Zanele Muholi’s ‘visual activism’ was honoured with a Prince Claus Award in September 2013. Muholi received the Index Arts Award, Index on Censorship (London, UK) in 2013, was awarded the Ida Ely Rubin Artist-in-Residence, Massachusetts Institute of Technology (Cambridge, USA) in 2009 and the BHP Billiton/Wits University Visual Arts Fellowship (Johannesburg, South Africa) in 2006.

She has been included in the 55th Venice Biennial (Venice, Italy) in 2013, dOCUMENTA (13) (Kassel, Germany) in 2012 and the 29th Sao Paulo Biennial (Sao Paulo, Brazil) in 2010.

Muholi has had solo exhibitions at Fondazione Cassa di Risparmio di Modena (Rome, Italy) in 2013, Centre for Contemporary Art, Lagos (Lagos, Nigeria) in 2009 and the Johannesburg Art Gallery (Johannesburg, South Africa) in 2004.

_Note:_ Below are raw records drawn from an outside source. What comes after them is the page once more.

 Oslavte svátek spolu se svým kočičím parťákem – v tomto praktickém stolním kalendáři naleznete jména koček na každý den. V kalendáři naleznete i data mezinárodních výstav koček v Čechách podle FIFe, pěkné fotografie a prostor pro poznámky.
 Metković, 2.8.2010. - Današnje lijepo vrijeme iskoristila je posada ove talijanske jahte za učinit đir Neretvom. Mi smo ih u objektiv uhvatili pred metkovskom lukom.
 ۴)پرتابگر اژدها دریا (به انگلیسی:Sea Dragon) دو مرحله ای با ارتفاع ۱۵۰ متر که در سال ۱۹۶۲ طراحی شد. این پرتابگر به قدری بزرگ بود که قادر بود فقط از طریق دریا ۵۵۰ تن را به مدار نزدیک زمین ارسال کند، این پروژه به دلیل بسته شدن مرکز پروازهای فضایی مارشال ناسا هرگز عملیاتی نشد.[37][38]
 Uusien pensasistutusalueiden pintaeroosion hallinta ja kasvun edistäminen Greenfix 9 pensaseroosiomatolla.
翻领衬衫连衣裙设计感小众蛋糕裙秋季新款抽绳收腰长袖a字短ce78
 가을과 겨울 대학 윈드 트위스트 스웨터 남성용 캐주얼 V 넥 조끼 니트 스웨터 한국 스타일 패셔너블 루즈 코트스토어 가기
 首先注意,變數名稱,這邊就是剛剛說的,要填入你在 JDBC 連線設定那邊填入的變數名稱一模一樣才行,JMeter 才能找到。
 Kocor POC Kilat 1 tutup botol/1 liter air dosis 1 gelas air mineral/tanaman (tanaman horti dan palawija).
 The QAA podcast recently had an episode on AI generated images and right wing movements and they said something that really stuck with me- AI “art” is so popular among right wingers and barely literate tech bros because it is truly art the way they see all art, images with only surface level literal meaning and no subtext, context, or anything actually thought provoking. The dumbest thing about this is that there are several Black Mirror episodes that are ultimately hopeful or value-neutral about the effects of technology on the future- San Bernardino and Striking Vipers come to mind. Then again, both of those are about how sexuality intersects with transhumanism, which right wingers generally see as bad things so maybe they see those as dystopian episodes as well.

She has been included in group exhibitions at the Mori Art Museum (Tokyo, Japan) in 2013, the San Francisco Museum of Modern Art (San Francisco, USA) in 2011 and the Victoria & Albert Museum (London, UK) in 2011.

Muholi’s work is included in the collections of The Museum of Modern Art (New York, USA), the Solomon R. Guggenheim Museum (New York, USA) and the Musée national d'art modern, Centre Pompidou (Paris, France).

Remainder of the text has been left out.